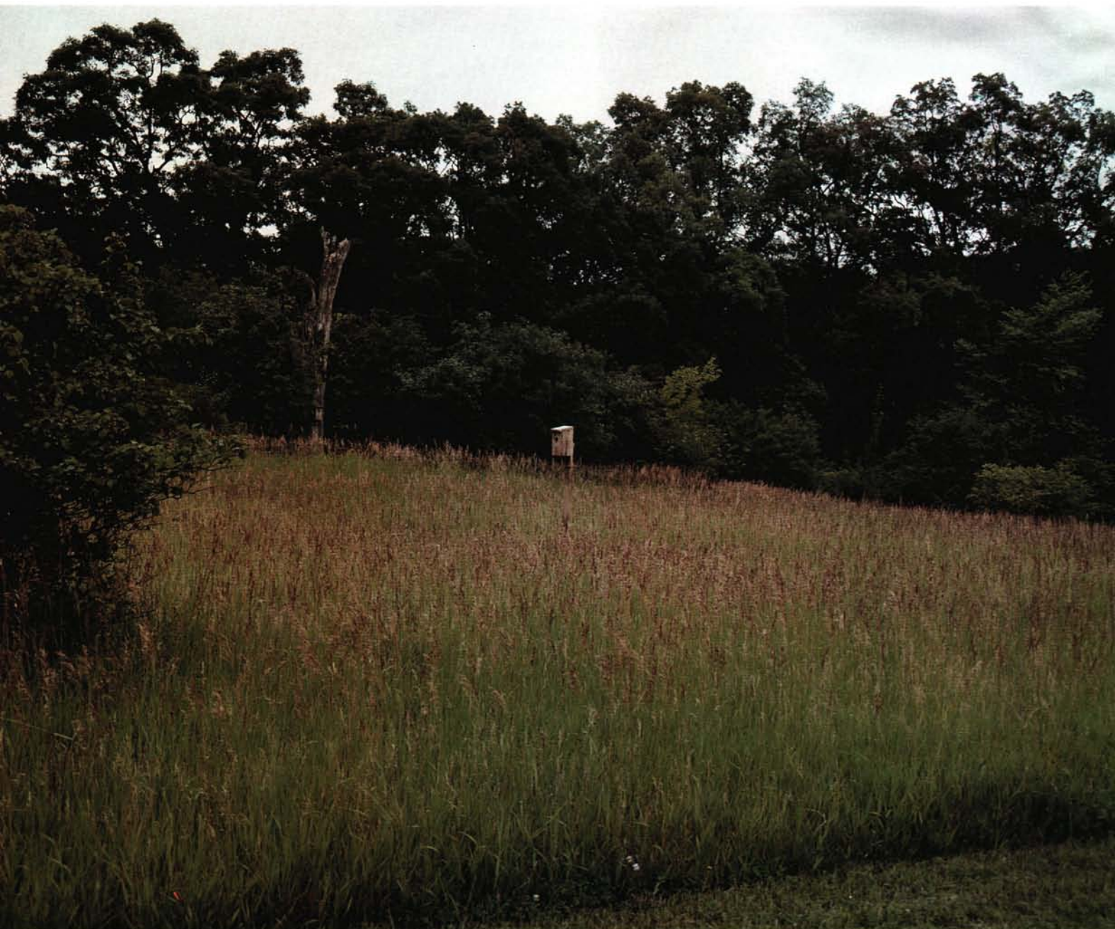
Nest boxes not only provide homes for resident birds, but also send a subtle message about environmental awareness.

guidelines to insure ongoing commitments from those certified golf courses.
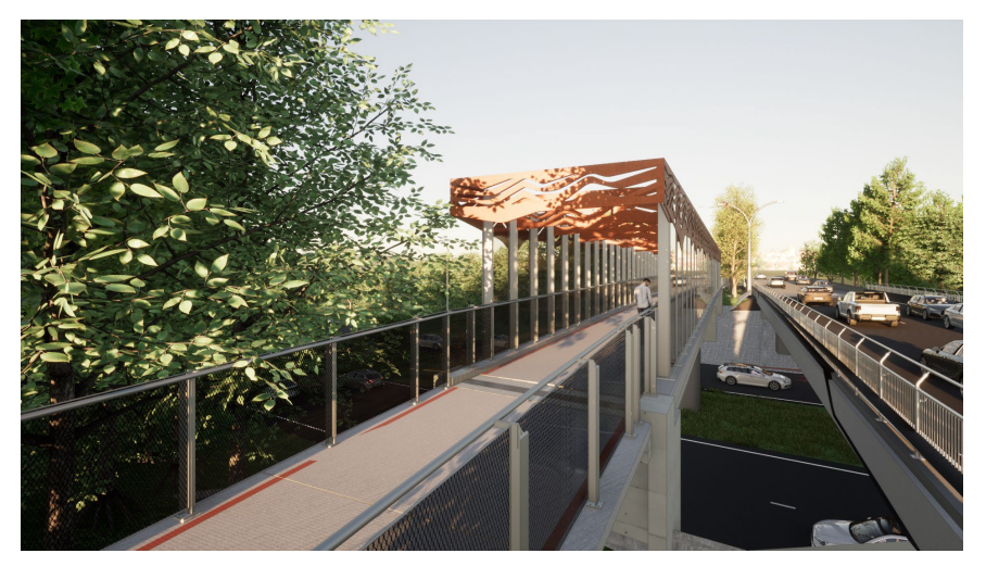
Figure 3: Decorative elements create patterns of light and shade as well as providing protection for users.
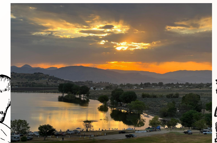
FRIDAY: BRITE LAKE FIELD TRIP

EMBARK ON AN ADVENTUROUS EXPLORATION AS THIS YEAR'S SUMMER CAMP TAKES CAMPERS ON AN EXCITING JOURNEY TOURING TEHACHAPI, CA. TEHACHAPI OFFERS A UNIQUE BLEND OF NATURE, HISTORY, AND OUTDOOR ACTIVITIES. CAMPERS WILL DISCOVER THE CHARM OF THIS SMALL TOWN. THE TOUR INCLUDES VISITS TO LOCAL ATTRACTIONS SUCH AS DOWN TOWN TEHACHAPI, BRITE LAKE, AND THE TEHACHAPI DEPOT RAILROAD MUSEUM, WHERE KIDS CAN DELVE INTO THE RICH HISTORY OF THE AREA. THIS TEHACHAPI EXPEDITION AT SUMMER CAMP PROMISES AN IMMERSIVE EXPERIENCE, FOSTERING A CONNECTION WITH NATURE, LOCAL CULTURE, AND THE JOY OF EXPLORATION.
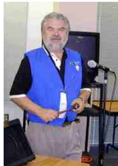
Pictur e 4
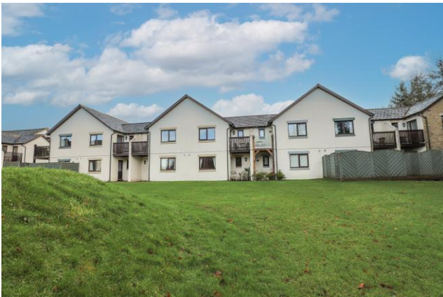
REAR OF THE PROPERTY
────────
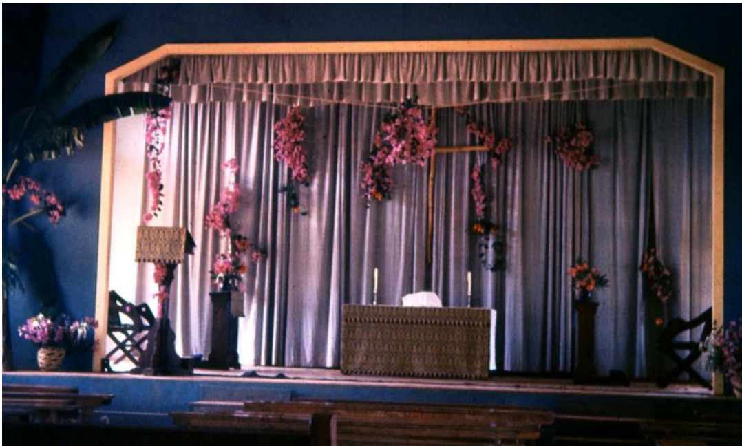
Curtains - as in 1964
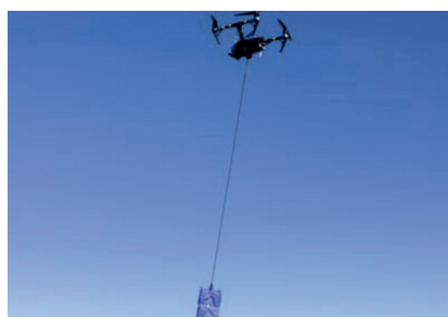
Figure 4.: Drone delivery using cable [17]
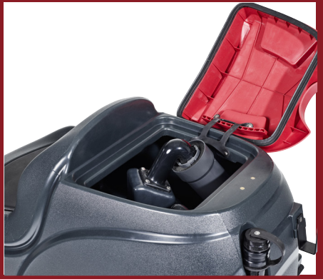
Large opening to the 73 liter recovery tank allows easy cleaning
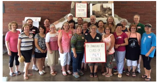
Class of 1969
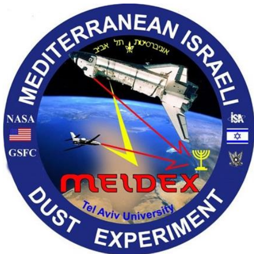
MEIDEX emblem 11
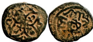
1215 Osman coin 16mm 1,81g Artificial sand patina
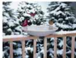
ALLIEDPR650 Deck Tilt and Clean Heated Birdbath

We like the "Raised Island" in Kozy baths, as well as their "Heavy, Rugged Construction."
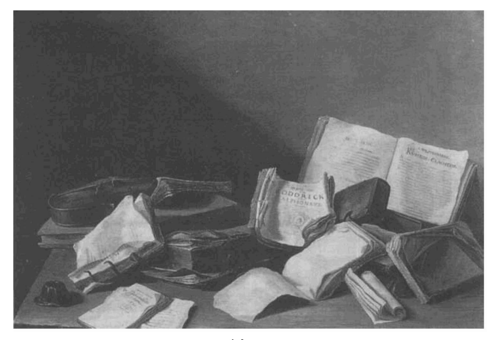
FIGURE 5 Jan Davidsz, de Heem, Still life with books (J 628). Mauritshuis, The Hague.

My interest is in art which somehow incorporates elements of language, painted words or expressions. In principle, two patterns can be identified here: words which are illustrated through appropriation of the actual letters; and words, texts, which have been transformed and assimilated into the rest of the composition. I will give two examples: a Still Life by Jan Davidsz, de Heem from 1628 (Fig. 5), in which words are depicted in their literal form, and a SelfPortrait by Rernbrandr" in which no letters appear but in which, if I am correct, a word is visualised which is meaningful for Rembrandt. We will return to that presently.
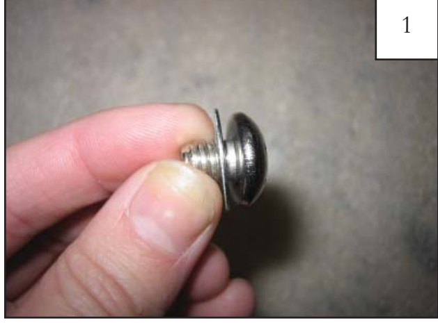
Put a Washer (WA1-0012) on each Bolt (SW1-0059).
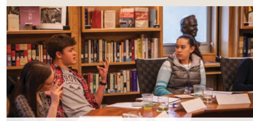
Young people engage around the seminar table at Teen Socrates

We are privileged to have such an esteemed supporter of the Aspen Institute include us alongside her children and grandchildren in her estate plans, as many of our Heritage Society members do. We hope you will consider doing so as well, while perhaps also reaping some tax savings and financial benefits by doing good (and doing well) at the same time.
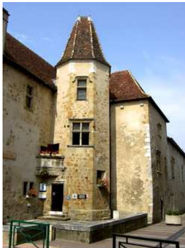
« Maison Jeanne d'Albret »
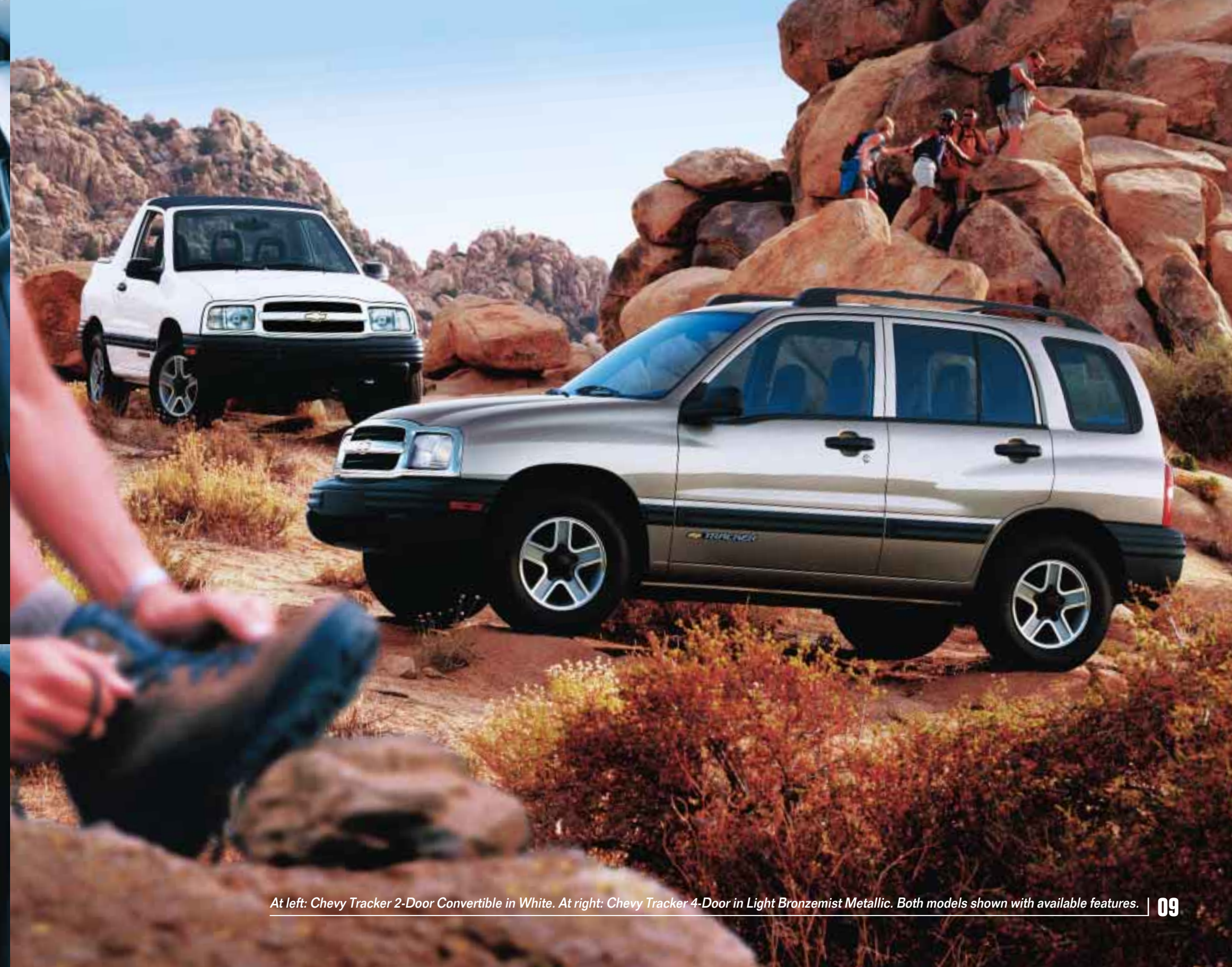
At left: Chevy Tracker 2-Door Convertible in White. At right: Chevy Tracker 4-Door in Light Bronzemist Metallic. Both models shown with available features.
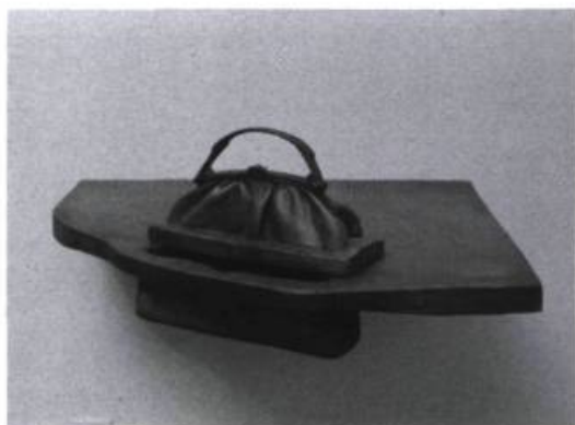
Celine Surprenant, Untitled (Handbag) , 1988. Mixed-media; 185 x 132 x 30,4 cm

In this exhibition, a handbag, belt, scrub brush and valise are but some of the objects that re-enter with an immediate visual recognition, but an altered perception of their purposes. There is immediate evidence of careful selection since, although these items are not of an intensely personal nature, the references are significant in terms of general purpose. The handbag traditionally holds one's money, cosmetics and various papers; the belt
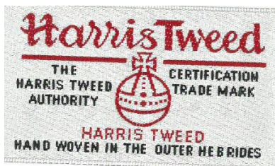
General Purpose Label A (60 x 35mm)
────────
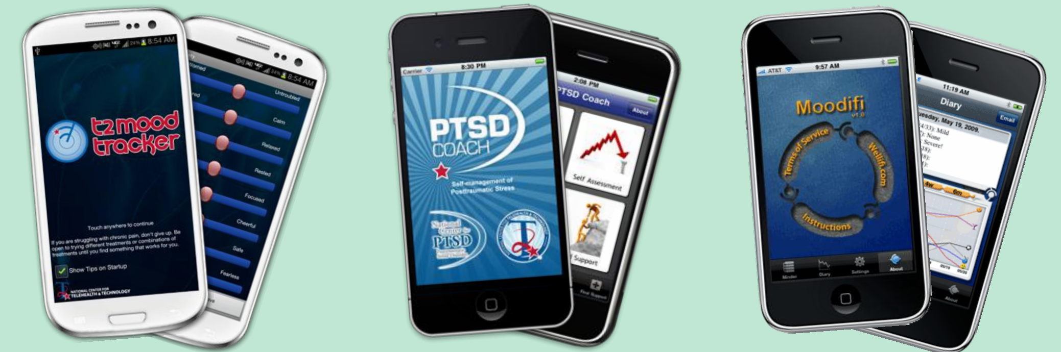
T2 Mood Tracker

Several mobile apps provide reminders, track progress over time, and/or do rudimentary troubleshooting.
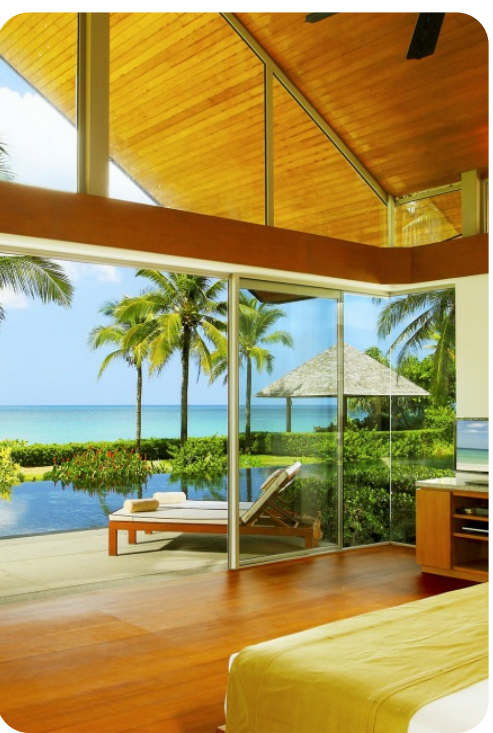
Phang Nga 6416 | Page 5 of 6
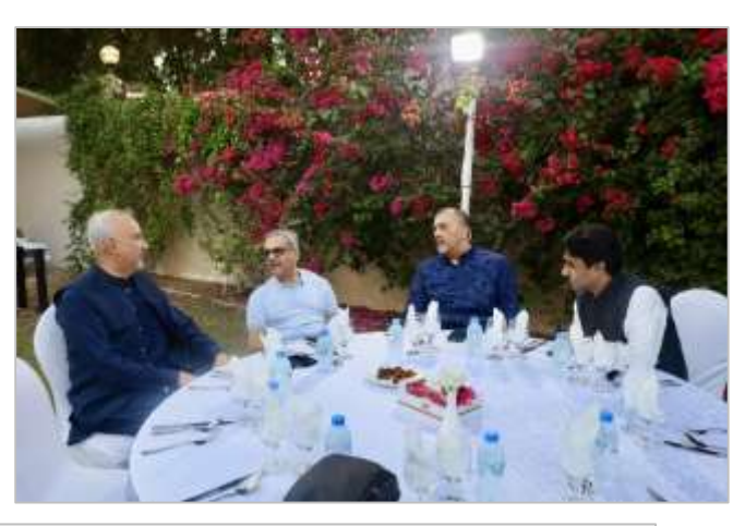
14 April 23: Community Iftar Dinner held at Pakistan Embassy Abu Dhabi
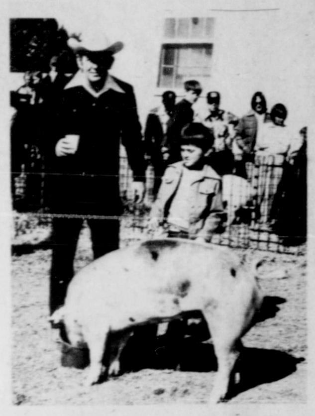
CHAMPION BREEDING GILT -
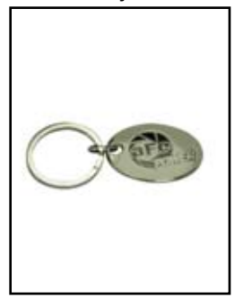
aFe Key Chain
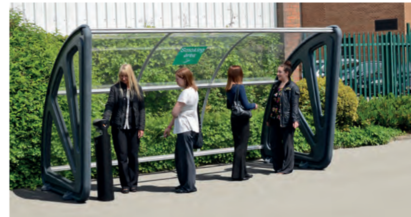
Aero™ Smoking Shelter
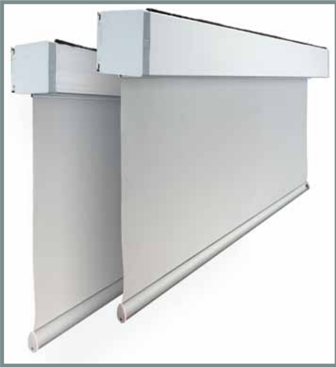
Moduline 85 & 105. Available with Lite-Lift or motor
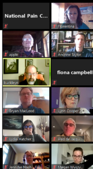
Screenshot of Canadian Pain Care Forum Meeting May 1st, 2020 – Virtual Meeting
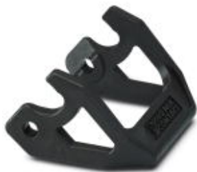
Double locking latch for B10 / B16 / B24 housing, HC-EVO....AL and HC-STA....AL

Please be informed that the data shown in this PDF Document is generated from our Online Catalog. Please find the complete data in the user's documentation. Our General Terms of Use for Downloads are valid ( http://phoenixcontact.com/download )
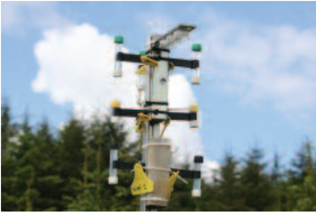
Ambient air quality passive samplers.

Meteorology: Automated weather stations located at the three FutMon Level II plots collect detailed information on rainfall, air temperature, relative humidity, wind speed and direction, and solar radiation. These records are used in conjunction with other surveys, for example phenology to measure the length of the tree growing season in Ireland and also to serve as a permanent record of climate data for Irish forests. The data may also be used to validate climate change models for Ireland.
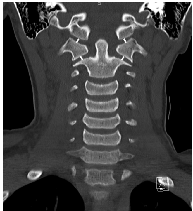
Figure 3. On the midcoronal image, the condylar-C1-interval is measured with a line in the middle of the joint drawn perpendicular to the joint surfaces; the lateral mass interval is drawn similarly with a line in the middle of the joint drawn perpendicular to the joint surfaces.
────────
> Task objective
For the string "Tracker", find every line of the material that contains it, and copy each one.

> Result
At left: Chevy Tracker 2-Door Convertible in White. At right: Chevy Tracker 4-Door in Light Bronzemist Metallic. Both models shown with available features.
T2 Mood Tracker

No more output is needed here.